We are only interested in whether or not applicants receive callbacks. The 'call' column contains binary data, so we will use a binomial distribution. Also, as we have two separate populations, we will be using a two sample test. Lastly, because our each of the population size is greater than 30, we will be using a z-test.

The Central Limit Theorem still applies because we have a large enough sample size (4000+ resumes).

## 2. What are the null and alternate hypotheses?

**Null hypothesis:** Race does not have an impact on the rate of callbacks for resumes.

**Alternate hypothesis:** Race does have an impact on the rate of callbacks for resumes.

## 3. Compute margin of error, confidence interval, and p-value. Try using both the bootstrapping and the frequentist statistical approaches.

We will be using a 95% confidence level to calculate the margin of error, confidence interval, and p-value.

### Bootstrapping

In [3]:
def calculate_prob(data):
    """Calculate probability (value / size of array)"""
    
    size = len(data)
    
    # Initialize empty array
    prob_array = np.empty(size)
    
    # Calculate probability and store in array
    for i, x in enumerate(data):
        prob_array[i] = x / size
        
    return prob_array

In [4]:
w = data[data.race=='w']
b = data[data.race=='b']

# TOTAL NUMBER OF CALLBACKS
w_sum = sum(w.call)
b_sum = sum(b.call)


# CALLBACK PROBABILITY
w_prob = w_sum / len(w)
b_prob = b_sum / len(b)
prob_diff = w_prob - b_prob


# GENERATING SAMPLES
w_sample = np.random.binomial(len(w), w_prob, size=len(w))
b_sample = np.random.binomial(len(b), b_prob, size=len(b))

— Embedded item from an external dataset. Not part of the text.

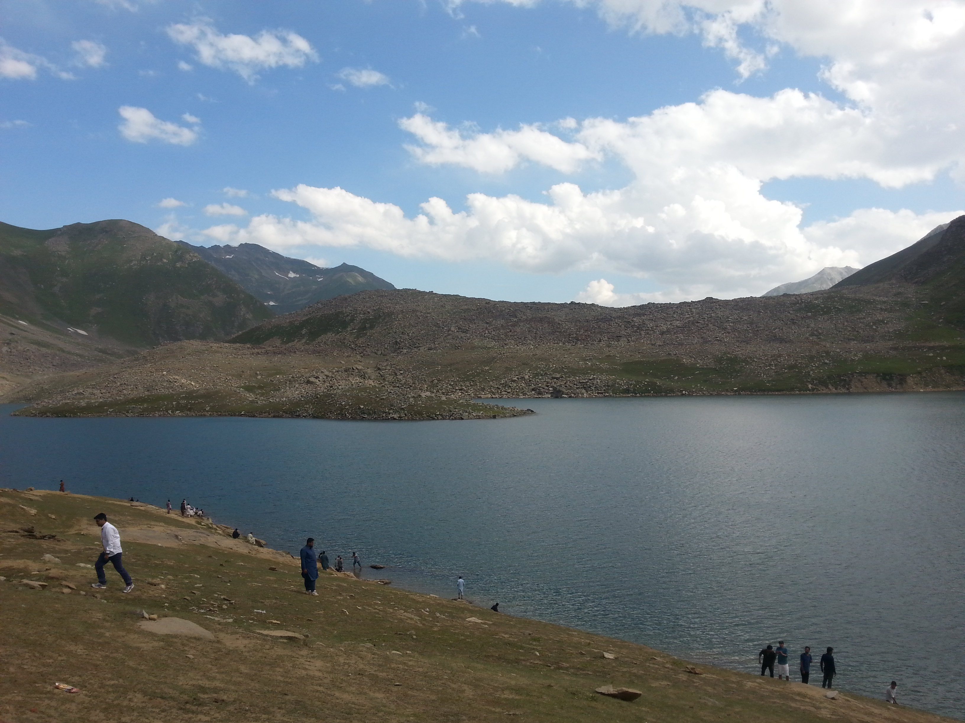 Lulusar lake Naran, Khyber Pakhtunkhwa, Pakistan
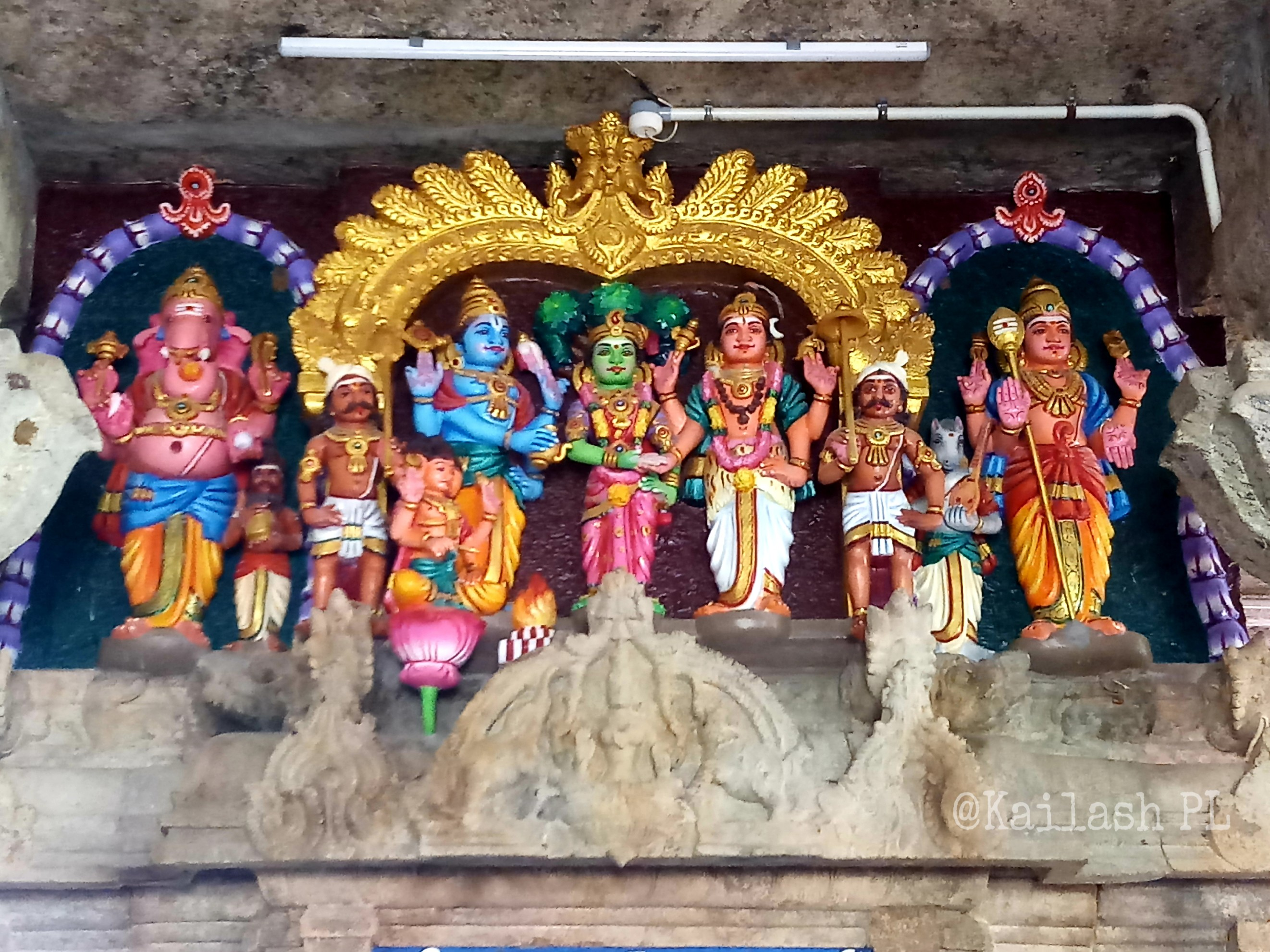 நான் எடுத்த என்னுடைய புகைப்படத்தை நான் பதிவிடுகிறேன்

# CALCULATE CALLBACK PROBABILITIES ON ABOVE SAMPLES
w_sample_prob = calculate_prob(w_sample)
b_sample_prob = calculate_prob(b_sample)
prob_differences = w_sample_prob - b_sample_prob


# SHIFT BOTH ARRAYS SO THEY HAVE THE SAME MEAN (SINCE WE ARE ASSUMING THEY HAVE IDENTICAL CALLBACK PROBABILITIES)
mean = np.mean(prob_differences)
w_shifted = w_sample_prob - np.mean(w_sample_prob) + mean
b_shifted = b_sample_prob - np.mean(b_sample_prob) + mean
prob_diff_shifted = w_shifted - b_shifted


# MARGIN OF ERROR
se = math.sqrt((w_prob * (1 - w_prob)) / len(w) + (b_prob * (1 - b_prob)) / len(b))
margin_error = 1.96 * se
print('Margin of error:', margin_error)


# CONSTRUCT CONFIDENCE INTERVAL
conf_int = np.percentile(prob_differences, [2.5, 97.5])
print('Confidence interval:', list(conf_int))


# FIND P-VALUE
p = np.sum(prob_diff_shifted >= prob_diff) / len(prob_diff_shifted)
print('P-value:', p)

Margin of error: 0.015255406349886438
Confidence interval: [0.017248459958932233, 0.04722792607802875]
P-value: 0.0


### Frequentist statistical testing

In [5]:
# GET P-VALUE
std_err = math.sqrt((w_prob * (1 - w_prob)) / len(w) + (b_prob * (1 - b_prob)) / len(b))
mrgn = 1.96 * std_err
z = (prob_diff - 0) / std_err
p = stats.norm.sf(abs(z)) * 2

print('Margin of error: ', mrgn)
print('Confidence interval: [', prob_diff - mrgn, ',', prob_diff + mrgn, ']')
print('P-value:', p)

Margin of error:  0.015255406349886438
Confidence interval: [ 0.016777447859559147 , 0.047288260559332024 ]
P-value: 3.862565207522622e-05


## 4. Write a story describing the statistical significance in the context or the original problem.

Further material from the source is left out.